Collected data entries:

● ● ● ●

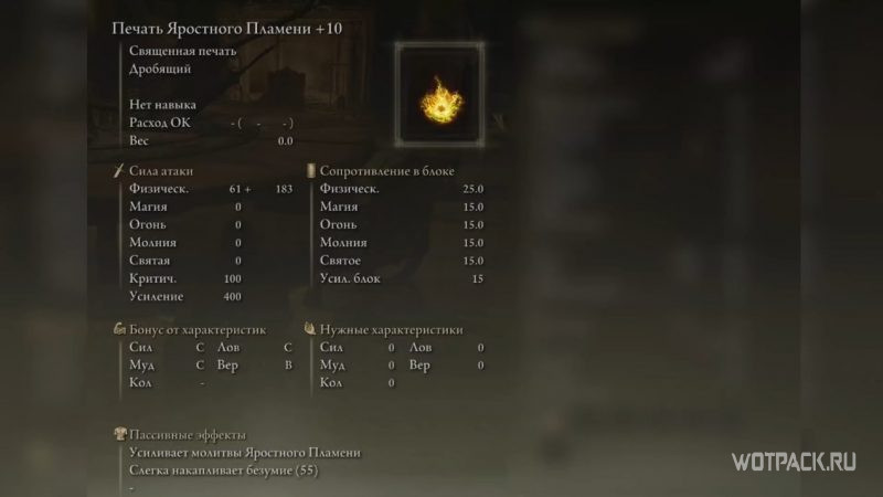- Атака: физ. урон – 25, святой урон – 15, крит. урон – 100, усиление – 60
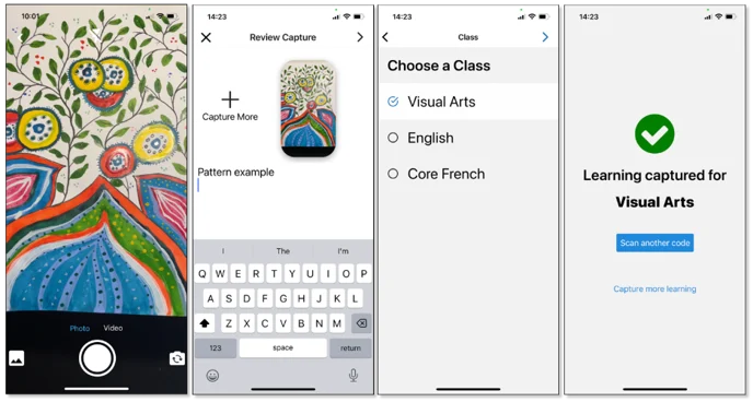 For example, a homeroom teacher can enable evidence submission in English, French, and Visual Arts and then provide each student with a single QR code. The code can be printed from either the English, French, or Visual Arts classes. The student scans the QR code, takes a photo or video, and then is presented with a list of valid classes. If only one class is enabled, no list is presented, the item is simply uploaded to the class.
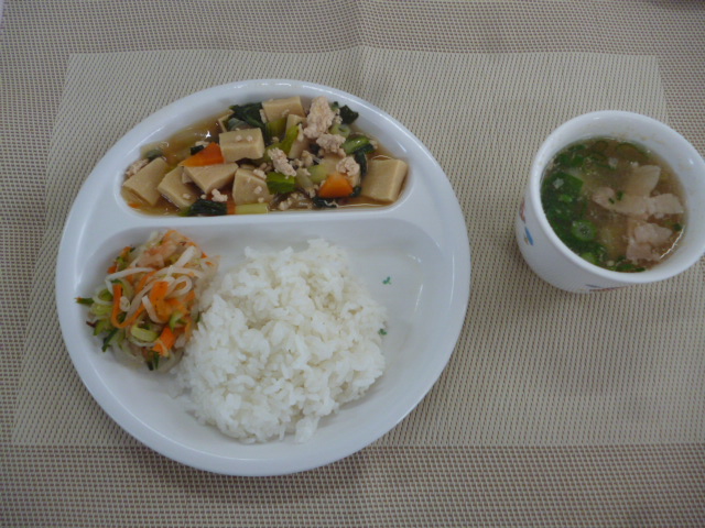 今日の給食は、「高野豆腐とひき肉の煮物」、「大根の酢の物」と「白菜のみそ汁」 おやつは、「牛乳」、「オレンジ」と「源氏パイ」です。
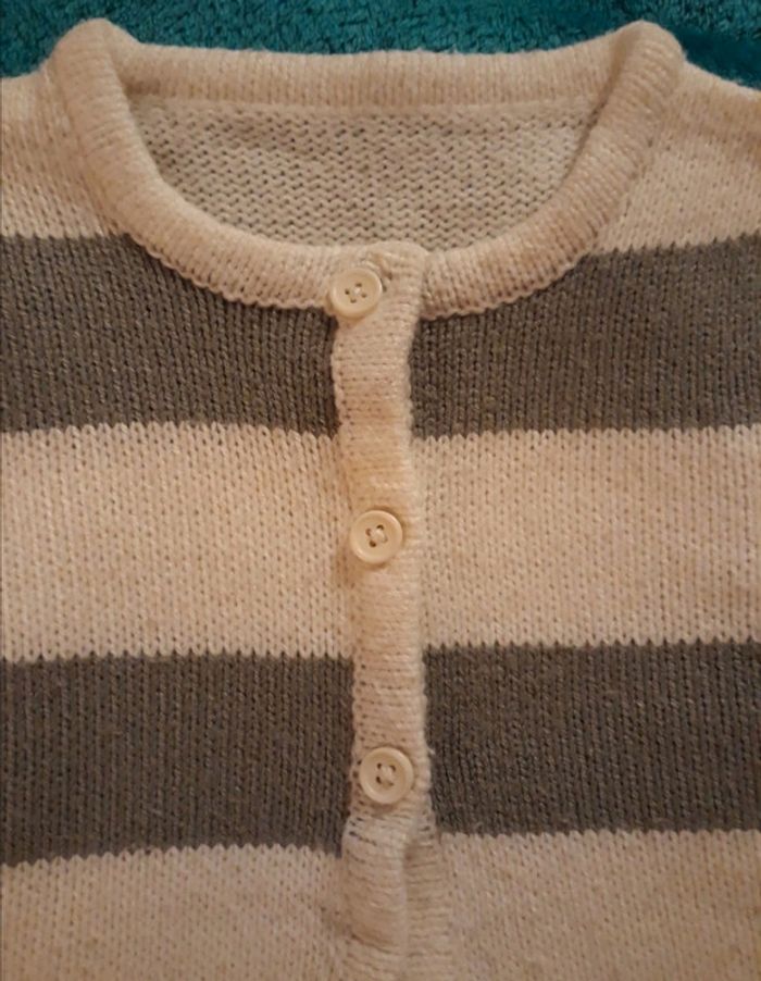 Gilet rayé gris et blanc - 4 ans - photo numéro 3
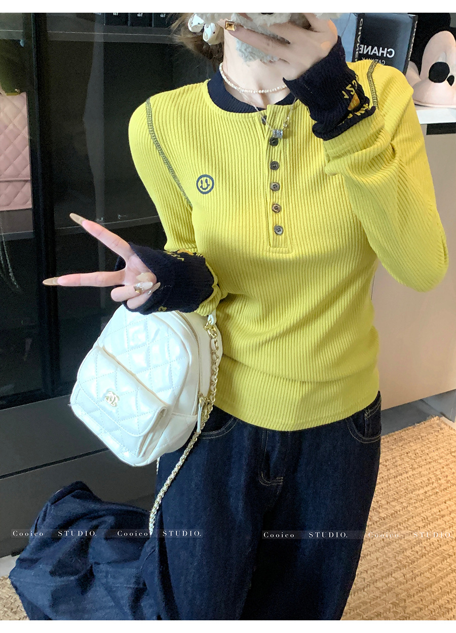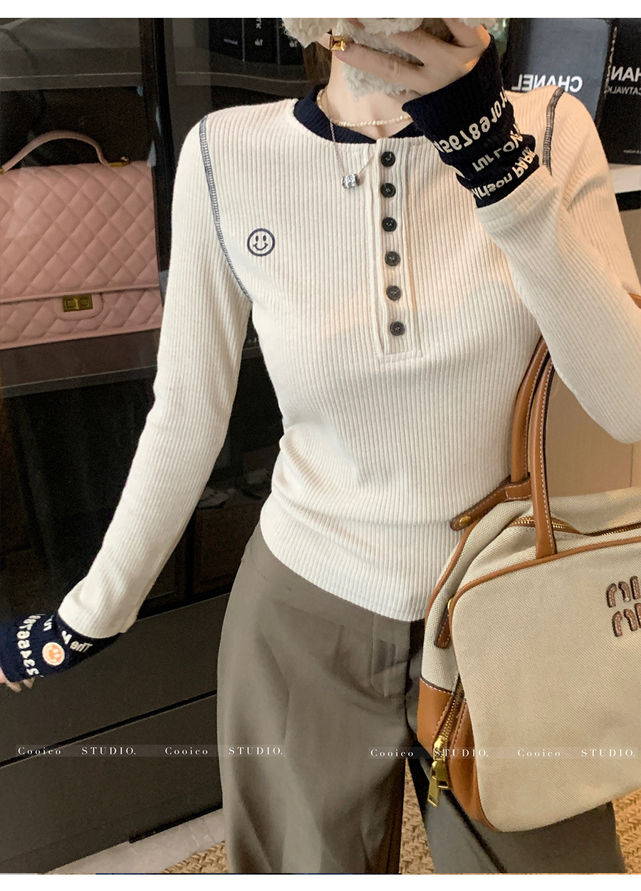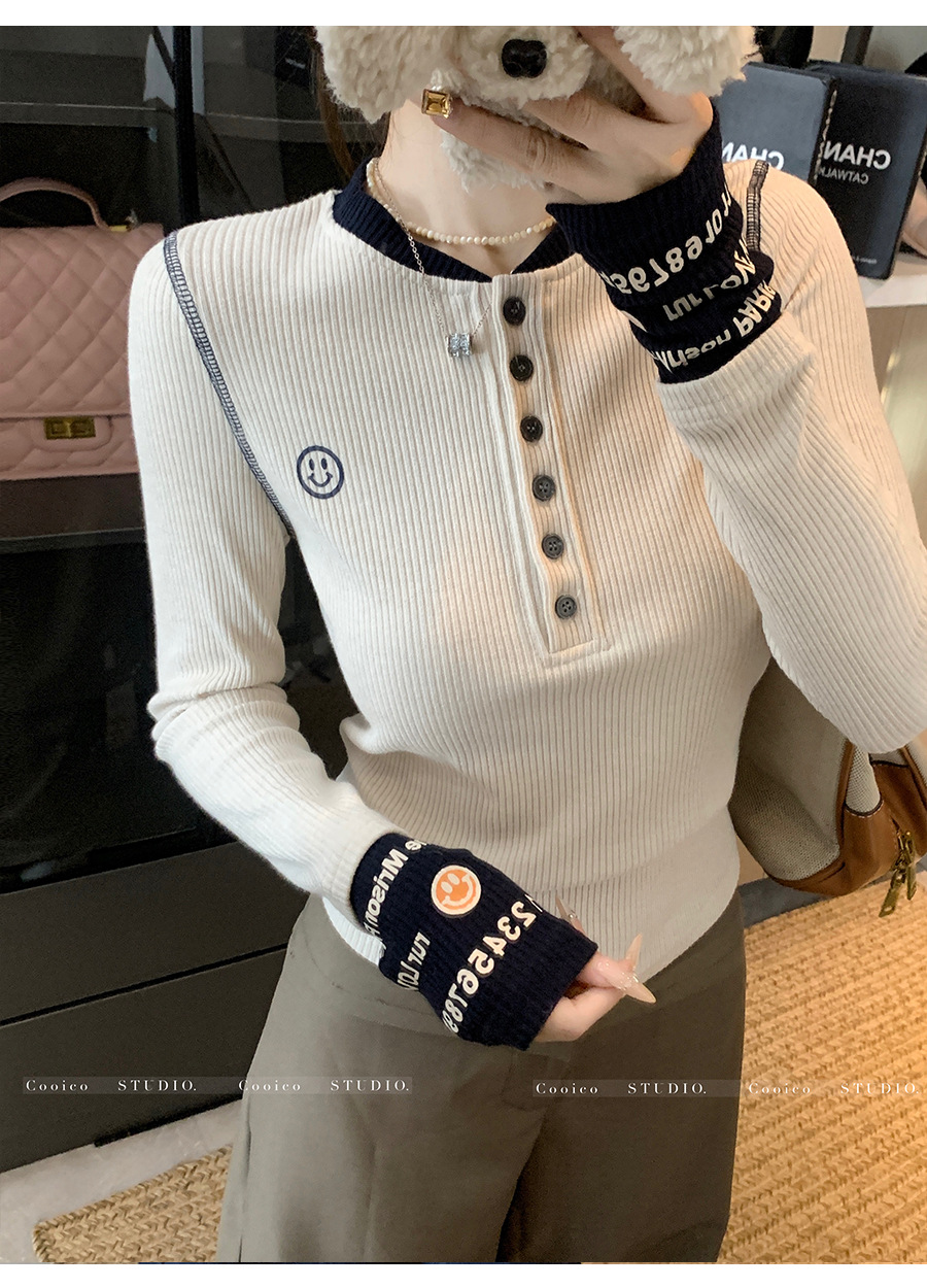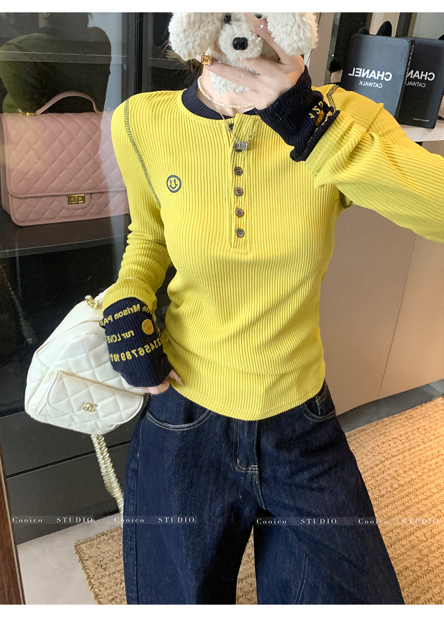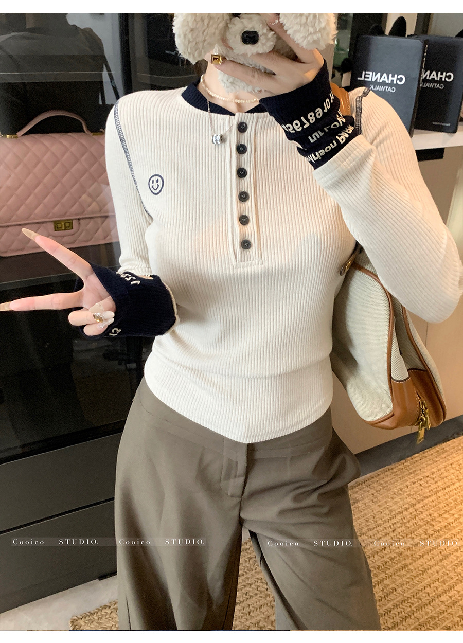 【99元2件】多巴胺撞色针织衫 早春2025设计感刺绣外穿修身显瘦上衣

● ● ● ●

## [Required work]
Repeat each record exactly as shown above, dropping all images.

## [Result for this task]
- Атака: физ. урон – 25, святой урон – 15, крит. урон – 100, усиление – 60
 For example, a homeroom teacher can enable evidence submission in English, French, and Visual Arts and then provide each student with a single QR code. The code can be printed from either the English, French, or Visual Arts classes. The student scans the QR code, takes a photo or video, and then is presented with a list of valid classes. If only one class is enabled, no list is presented, the item is simply uploaded to the class.
 今日の給食は、「高野豆腐とひき肉の煮物」、「大根の酢の物」と「白菜のみそ汁」 おやつは、「牛乳」、「オレンジ」と「源氏パイ」です。
 Gilet rayé gris et blanc - 4 ans - photo numéro 3
 【99元2件】多巴胺撞色针织衫 早春2025设计感刺绣外穿修身显瘦上衣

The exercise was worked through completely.